Combination of two targeted therapy agents
The combination of two targeted agents is another new direction due to the extensive crosstalk between the downstream signaling pathways (9-13) such that even if the primary pathway is blocked, activation of the complementary pathway can provide an avenue for resistance to the initial drug. Hence the ultimate goal of combination therapy is to inhibit two or more dominant targets responsible for tumor progression to overcome primary and secondary drug resistance. This is clearly shown in HER2-overexpressing breast cancer where anti-HER2 monoclonal antibody trastuzumab and the TK inhibitor lapatinib have demonstrated synergy in pre-clinical and clinical studies (75). In sarcoma, the combination of an mTOR inhibitor and IGF-1R inhibitors may hold promise. In a recently concluded phase I clinical trial investigating the preliminary efficacy of cixutumumab and temsirolimus, 20 patients with refractory ES were recruited and given cixutumumab (6 mg/kg IV weekly) and temsirolimus, (25 to 37.5 mg IV weekly), 4-week cycles for both. All tumors were restaged after 8 weeks. Results were encouraging. Toxicities were generally well tolerated, 7 (35%) achieved stable disease for more than 5 months or complete/partial responses, 5 (29%) patients had tumor regression of more than 20%, with 2 of the 5 achieving 100%. Of the 6 patients with ES who previously developed resistance to a different IGF-1R inhibitor antibody, 1 achieved complete response (76).

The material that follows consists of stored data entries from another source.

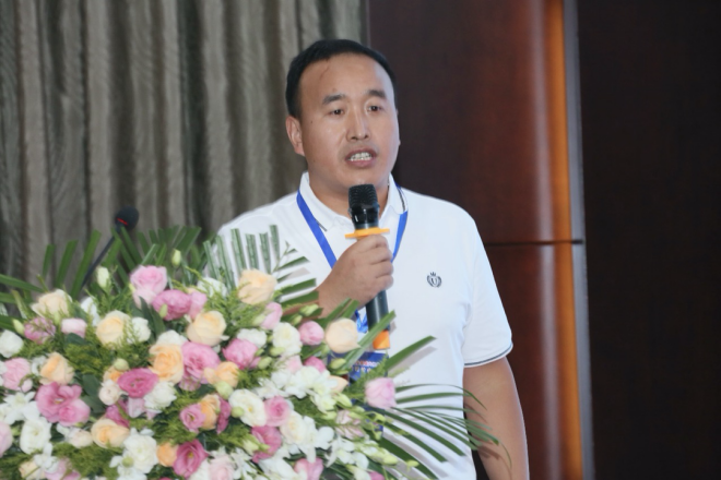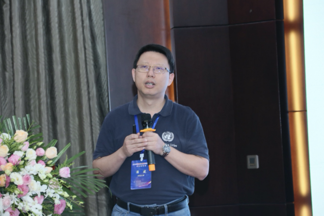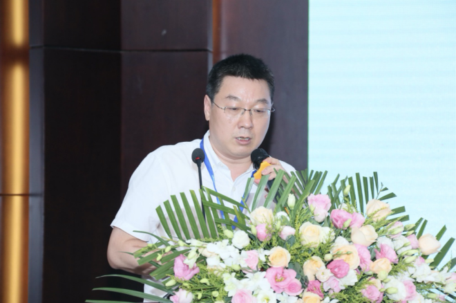 圖為李毅仁作《碳中和願景下河鋼集團低碳發展技術實踐與展望》報告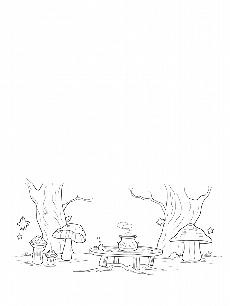 Mystical Potion Lab in a Mushroom Forest Coloring Page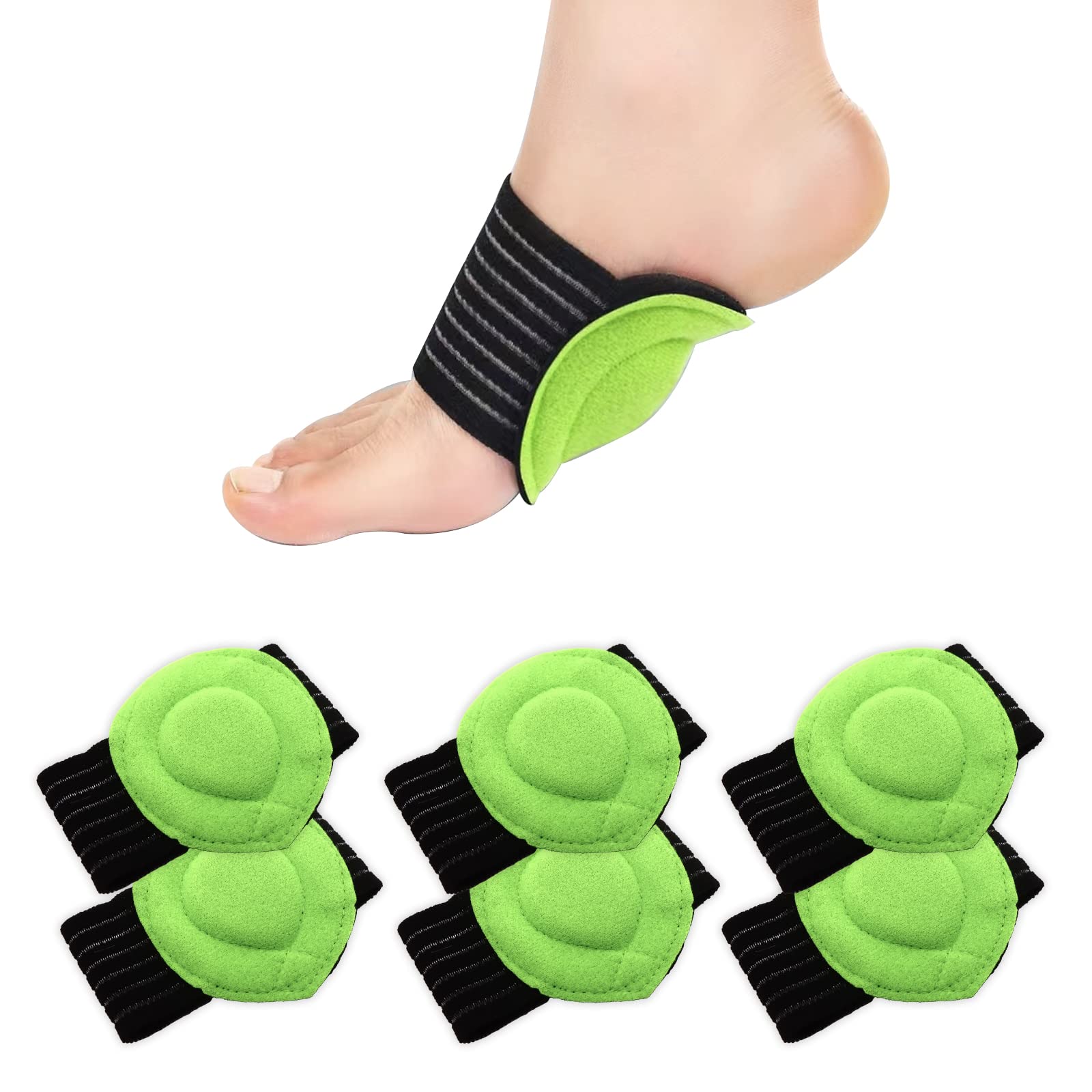 Specification: Quantity: 3 pairs Colors: Green Black. Materials: SBR,Fabric (Washable, Reusable, Anti-skid). Dimensions: Bandage: 4.1 x 2.55 in 10.5 x 6.5 cm Foot pad: 3.74 x 2.95 in 9.5 x 7.5 cm Application: Sole Angels are best for reducing foot pains such as heel pain, plantar fasciitis, pain in the ball of your foot, metatarsalgia. Provide support to fatigued or flat feet while aligning the body to reduce pain in back knees.[DURABLE, WASHABLE REUSABLE]: 3 pairs of replaceable, reusable, hand washable, so that you can wear our soft arch pads every day, perfect for athlete, dancer, model, worker, elder, police. [APPLICATIONS]: Sole arch support brace are best for reducing plantar fasciitis, flat feet, heel spur, high arch aggravation relieve arch pain and heel pain from long time standing and walking. [FIT FOR ANY SHOE]: Wear your compression cushioned support sleeves with any shoes, heels, sandals, or even barefoot to help reduce your feet pain. Great to wear during running, exercising, playing sports, or simply all day at work or home. [ERGONOMIC DESIGN]: Includes a durable non-slip sole and shock-absorbing core for all day comfort and support. The compression band hugs the foot for maximum support with breathable fabric for a perfect fit promoting balance and body alignment. [MATERIAL]: It is made of latex sponge and EVA, with good elasticity, strong absorption capacity and good shock absorption and pressure reduction performance. Velvet is used to fit the foot center, which has good elasticity and sweat absorption characteristics.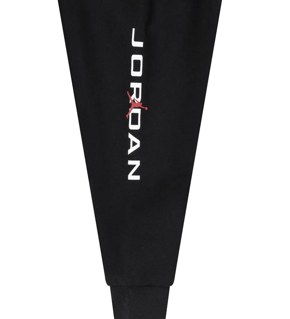 Blødt Jordan sweatsæt, der består af en hættetrøje og et par sweatpants. Begge dele er sort med logoprint.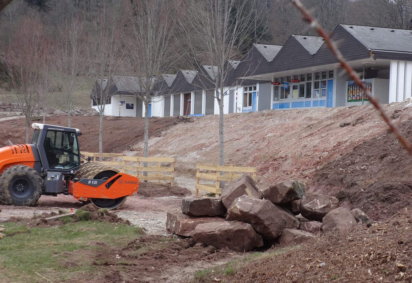Bis Ende April werde es noch viel LKW-Verkehr im Affentäle geben, denn es werden viele hundert Tonnen Material auf das Gelände gebracht und eingebaut werden, so Kälble. Danach wird die von Anfang an vorgesehene Ruhezeit eintreten. Damit der Boden wirklich stabil für den Einbau der neuen Stahlbecken ist, muss der Boden sich mindestens sechs Monate setzen können. „Das war immer so geplant“, so Kälble. „Nach der Setzzeit werden wir im Herbst mit den großen Gewerken loslegen.“

The same combination has also been tested in bone and soft tissue sarcomas. A recently concluded phase II study evaluated the safety and efficacy of cixutumumab and temsirolimus in these tumors, IGF-1R positive and negative. 383 patients were evaluated. Primary 12 weeks PFS endpoint was achieved (32% in IGF-1R positive STS, 38% in IGF-1R positive bone sarcoma, 43% in IGF-1R negative bone and soft tissue sarcomas). Western Blots of 32 matched pair tumors biopsies show inhibition of IGF-1R, pAKT and pS6. However, there was no correlation between plasma markers and PFS (77).
This is one example of a clinically realistic combination that identifies how combination therapy can overcome alternative pathway resistance. The potential of combination is clear however the details of the specific mechanism of resistance must be determined in preclinical studies.
Although sarcomas are initially or ultimately resistant to conventional chemotherapy in many cases, the emergence of targeted therapy agents as a new systemic treatment modality may offer hope to sarcoma patients. Single agents have shown activity and rational evidence based combinations may be able to overcome the resistances. This is an emerging area and is likely to produce additional improved patient outcomes over the next decade.
Disclosure: The authors declare no conflict of interest.